» **TASK REQUIREMENTS**:
Every entry must reappear in your answer exactly as written, though its pictures must not.

» **RECORDS FOR THIS EXERCISE**:
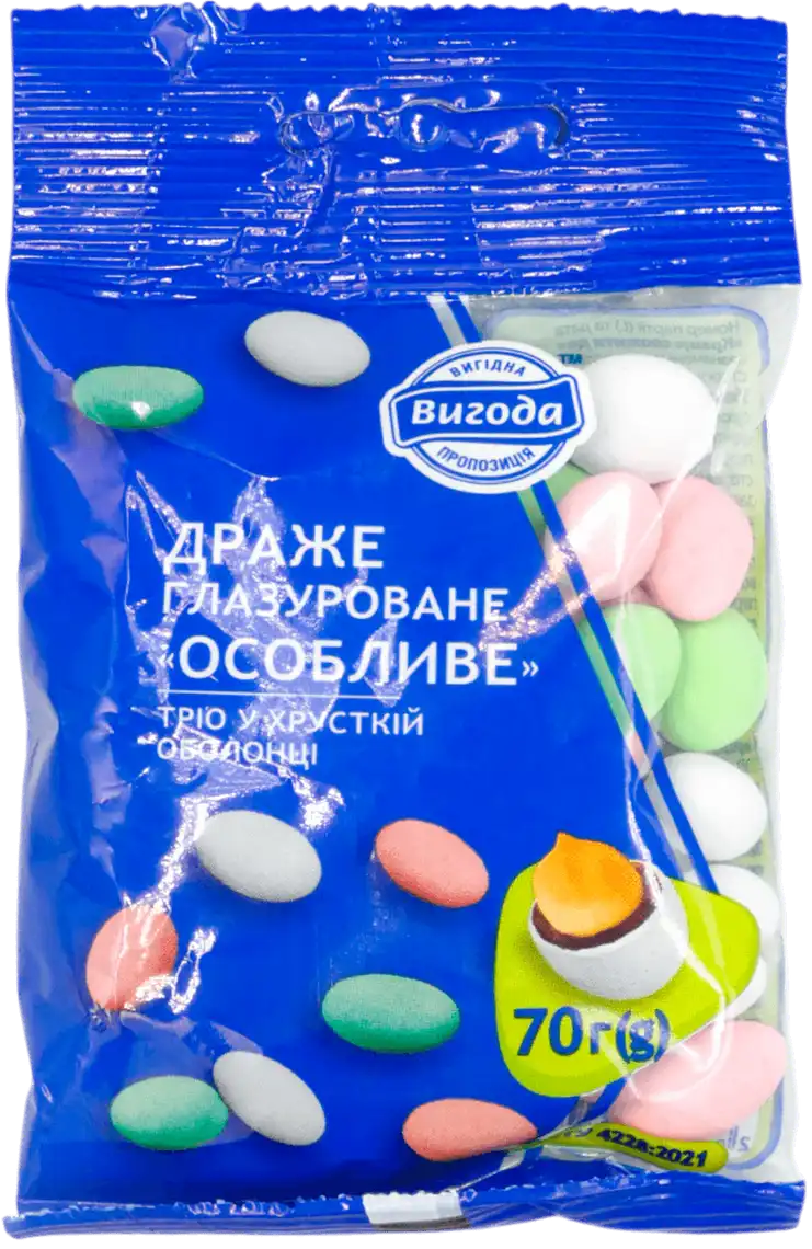 Драже Вигода Особливе Арахіс у шоколаді та глазурі - це смачні ласощі, які складаються з арахісу, вкритого солодким шоколадом і глазур'ю. Арахіс - це горіх, який багатий на білок, жири та вітаміни. Він надає драже текстури та ніжного горіхового смаку.Арахісове зерно покривається шаром молочного або гіркого шоколаду. Шоколадне покриття надає продукту солодкого і насиченого смаку, а також створює контраст із хрустким арахісом.Драже поєднує в собі різні текстури - хрустку оболонку від шоколаду та глазурі й ніжну м'якоть арахісу. Це створює цікаве відчуття в роті.Цей продукт чудово підходить як перекус між прийомами їжі. Він насичує, втамовує солодкий зуб і приносить задоволення.Драже Вигода Особливе Арахіс пропонує солодкий і ароматний смак, який задовольнить ваш апетит на солодке. Воно також надає білок та енергію з арахісу, що робить його приємними та поживними ласощами.
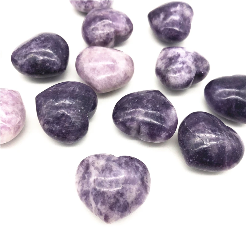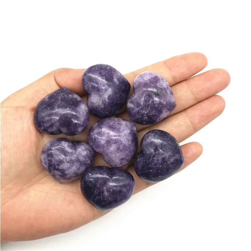 Натуральный фиолетовый лепидолит в форме сердца, кварцевый кристалл рейки, лечебный камень, натуральные камни и минералы для творчества, 1 шт.
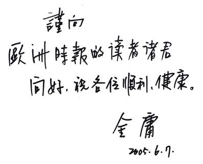 在見面會后,金庸欣然接受了歐洲時報的專訪,并給該報報題詞向讀者問好:“謹向歐洲時報的讀者諸君問好,祝各位順利、健康。”
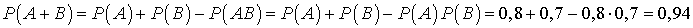 . Пример 17.5Имеются два независимых устройства, сигнализирующих об аварии. Вероятность срабатывания первого устройства составляет 0,8, вероятность срабатывания второго устройства — 0,7. Найти вероятность того, что сигнал об аварии будет подан.Пусть событие A заключается в том, что при аварии сработало первое устройство, а событие B — второе. В задаче требуется вычислить вероятность суммы двух событий A + B (то есть срабатывание хотя бы одного из устройств). Эти события совместны и независимы. Используя формулу для вероятности суммы совместных событий и теорему умножения для независимых событий, имеем:
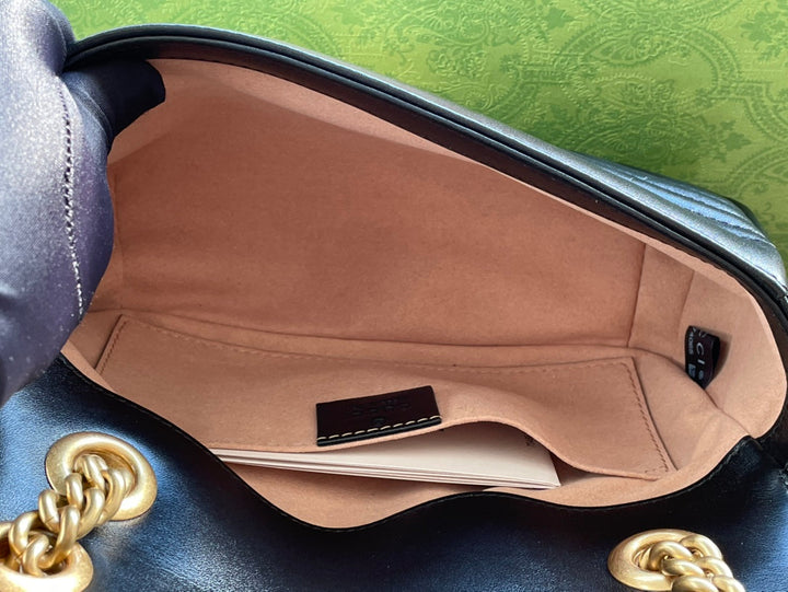 GG MARMONT MATELASSÉ SMALL 22 BAG BLACK CALFSKIN
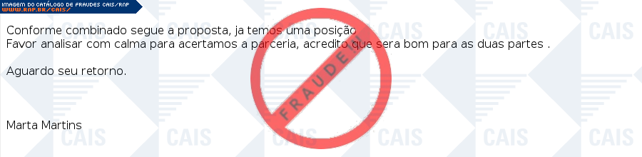 | comentário | A vítima recebe um email com uma suposta proposta em anexo. Contudo, o anexo leva ao download de um malware de nome Artemis!29F96349736A. | |
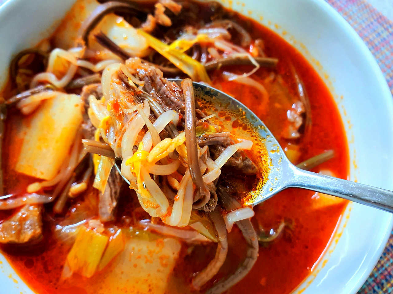 육개장은 ‘매콤한 국물’만 잘 내면 끝이라고 생각하기 쉬운데, 실제로는 향-감칠맛-식감이 동시에 맞아야 맛이 완성됩니다. 특히 집에서 끓일 때 실패가 잦은 구간이 딱 3곳입니다. 첫째, 고기 육수를 급하게 내서 국물 베이스가 얇아지는 경우, 둘째, 고추기름과 양념을 한 번에 때려 넣어 텁텁하거나 쓴맛이 올라오는 경우, 셋째, 파·고사리·숙주 같은 건더기의 익힘 타이밍이 어긋나 흐물흐물하거나 비린내가 남는 경우입니다.
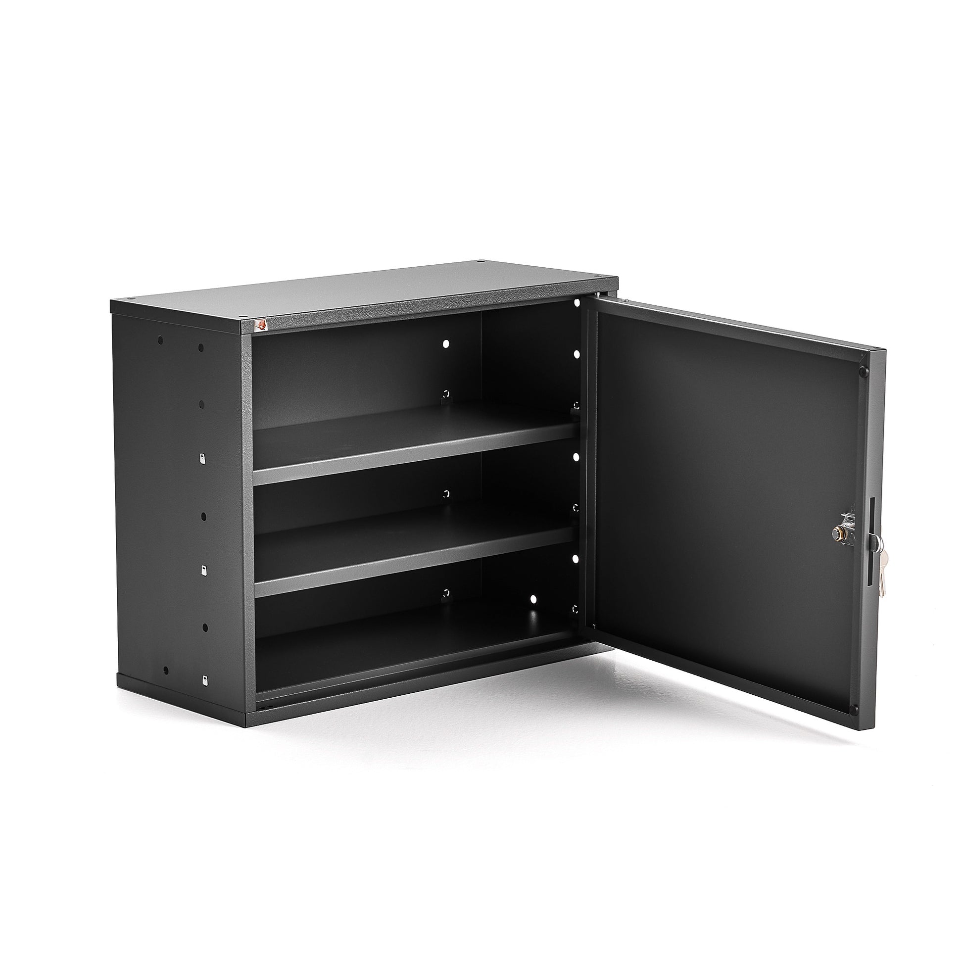 Praktisk og låsbart oppbevaringsskap fra AJ Produkter som enkelt monteres på verktøytavlen eller direkte på veggen. Skapet har to justerbare hyller som gir fleksibel lagringsløsning for kontorutstyr. Den mørke grå stålfinishen gir et moderne og stilig uttrykk.

» **YOUR SOLUTION**:
 Драже Вигода Особливе Арахіс у шоколаді та глазурі - це смачні ласощі, які складаються з арахісу, вкритого солодким шоколадом і глазур'ю. Арахіс - це горіх, який багатий на білок, жири та вітаміни. Він надає драже текстури та ніжного горіхового смаку.Арахісове зерно покривається шаром молочного або гіркого шоколаду. Шоколадне покриття надає продукту солодкого і насиченого смаку, а також створює контраст із хрустким арахісом.Драже поєднує в собі різні текстури - хрустку оболонку від шоколаду та глазурі й ніжну м'якоть арахісу. Це створює цікаве відчуття в роті.Цей продукт чудово підходить як перекус між прийомами їжі. Він насичує, втамовує солодкий зуб і приносить задоволення.Драже Вигода Особливе Арахіс пропонує солодкий і ароматний смак, який задовольнить ваш апетит на солодке. Воно також надає білок та енергію з арахісу, що робить його приємними та поживними ласощами.
 Натуральный фиолетовый лепидолит в форме сердца, кварцевый кристалл рейки, лечебный камень, натуральные камни и минералы для творчества, 1 шт.
 在見面會后,金庸欣然接受了歐洲時報的專訪,并給該報報題詞向讀者問好:“謹向歐洲時報的讀者諸君問好,祝各位順利、健康。”
 . Пример 17.5Имеются два независимых устройства, сигнализирующих об аварии. Вероятность срабатывания первого устройства составляет 0,8, вероятность срабатывания второго устройства — 0,7. Найти вероятность того, что сигнал об аварии будет подан.Пусть событие A заключается в том, что при аварии сработало первое устройство, а событие B — второе. В задаче требуется вычислить вероятность суммы двух событий A + B (то есть срабатывание хотя бы одного из устройств). Эти события совместны и независимы. Используя формулу для вероятности суммы совместных событий и теорему умножения для независимых событий, имеем:
 GG MARMONT MATELASSÉ SMALL 22 BAG BLACK CALFSKIN
 | comentário | A vítima recebe um email com uma suposta proposta em anexo. Contudo, o anexo leva ao download de um malware de nome Artemis!29F96349736A. | |
 육개장은 ‘매콤한 국물’만 잘 내면 끝이라고 생각하기 쉬운데, 실제로는 향-감칠맛-식감이 동시에 맞아야 맛이 완성됩니다. 특히 집에서 끓일 때 실패가 잦은 구간이 딱 3곳입니다. 첫째, 고기 육수를 급하게 내서 국물 베이스가 얇아지는 경우, 둘째, 고추기름과 양념을 한 번에 때려 넣어 텁텁하거나 쓴맛이 올라오는 경우, 셋째, 파·고사리·숙주 같은 건더기의 익힘 타이밍이 어긋나 흐물흐물하거나 비린내가 남는 경우입니다.
 Praktisk og låsbart oppbevaringsskap fra AJ Produkter som enkelt monteres på verktøytavlen eller direkte på veggen. Skapet har to justerbare hyller som gir fleksibel lagringsløsning for kontorutstyr. Den mørke grå stålfinishen gir et moderne og stilig uttrykk.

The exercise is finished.